**PROBLEM STATEMENT**: Your task is to repeat the entries exactly. Leave the pictures out.

Records from a data source
*** Block opens ***

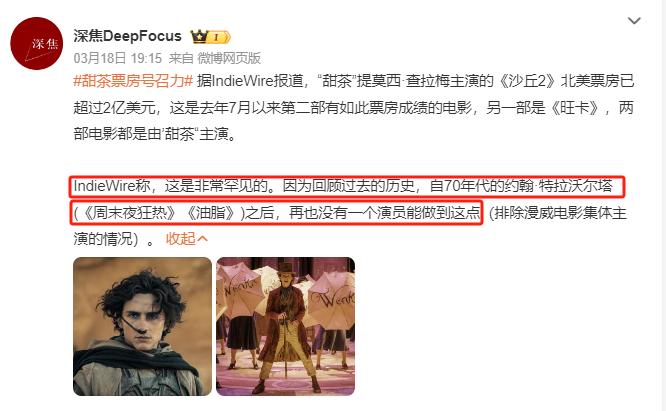 由他主演的电影《旺卡》与《沙丘2》,连续8个月稳居北美票房的榜一榜二。要知道,这可是自70年代的约翰·特拉沃尔塔之后,第一位实现这一成就的演员。
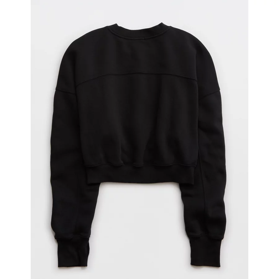 OFFLINE By Aerie Cloud Fleece Cropped Crewneck Sweatshirt – True Black
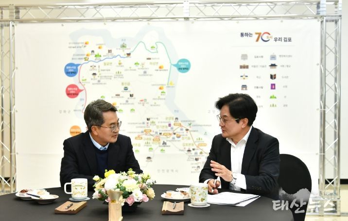 태산뉴스 이동욱 기자 | 김병수 김포시장이 3일 김동연 경기도지사와 차담회를 갖고 김포골드라인 전동차 증차 지원 등 김포시민의 안전과 직결된 경기도 차원의 지원을 적극 요청하고 나섰다. 김포골드라인은 수 차례 요청에도 지원이 이뤄지지 않아 이번 차담회에서 경기도지사에게 다시 한 번 강력 어필한 것이다.
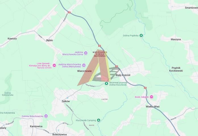W pobliżu przystanek autobusowy , sklepu Lewiatan . Dolina Kluczwody , Jaskinia Wierzchowska.
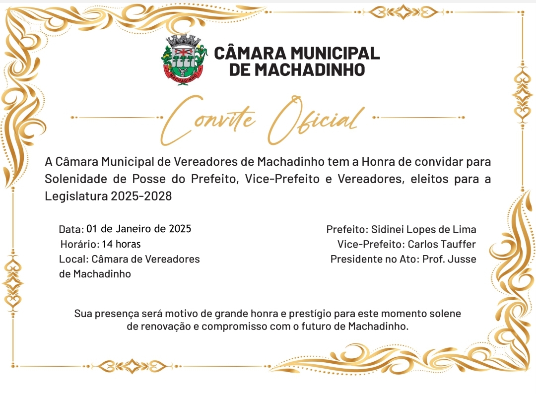 A Câmara Municipal de Machadinho, conforme Lei Orgânica do Município, lançou oficialmente o convite para a solenidade de posse do prefeito, vice-prefeito e vereadores, eleitos para a Legislatura 2025-2028. O evento acontecerá no dia 1 de janeiro de 2025, às 14 horas, no plenário da Câmara de Vereadores de Machadinho.
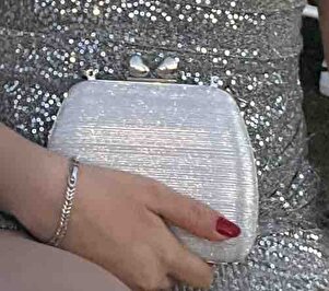 Kadın Gümüş Çizgili Kalp Detay Omuz Askılı Abiye Çanta Kadın Gümüş Çizgili Kalp Detay Omuz Askılı Abiye Çanta AA0723 تک سایز

*** Block closes ***

**RESPONSE TO THIS EXERCISE**:
 由他主演的电影《旺卡》与《沙丘2》,连续8个月稳居北美票房的榜一榜二。要知道,这可是自70年代的约翰·特拉沃尔塔之后,第一位实现这一成就的演员。
 OFFLINE By Aerie Cloud Fleece Cropped Crewneck Sweatshirt – True Black
 태산뉴스 이동욱 기자 | 김병수 김포시장이 3일 김동연 경기도지사와 차담회를 갖고 김포골드라인 전동차 증차 지원 등 김포시민의 안전과 직결된 경기도 차원의 지원을 적극 요청하고 나섰다. 김포골드라인은 수 차례 요청에도 지원이 이뤄지지 않아 이번 차담회에서 경기도지사에게 다시 한 번 강력 어필한 것이다.
W pobliżu przystanek autobusowy , sklepu Lewiatan . Dolina Kluczwody , Jaskinia Wierzchowska.
 A Câmara Municipal de Machadinho, conforme Lei Orgânica do Município, lançou oficialmente o convite para a solenidade de posse do prefeito, vice-prefeito e vereadores, eleitos para a Legislatura 2025-2028. O evento acontecerá no dia 1 de janeiro de 2025, às 14 horas, no plenário da Câmara de Vereadores de Machadinho.
 Kadın Gümüş Çizgili Kalp Detay Omuz Askılı Abiye Çanta Kadın Gümüş Çizgili Kalp Detay Omuz Askılı Abiye Çanta AA0723 تک سایز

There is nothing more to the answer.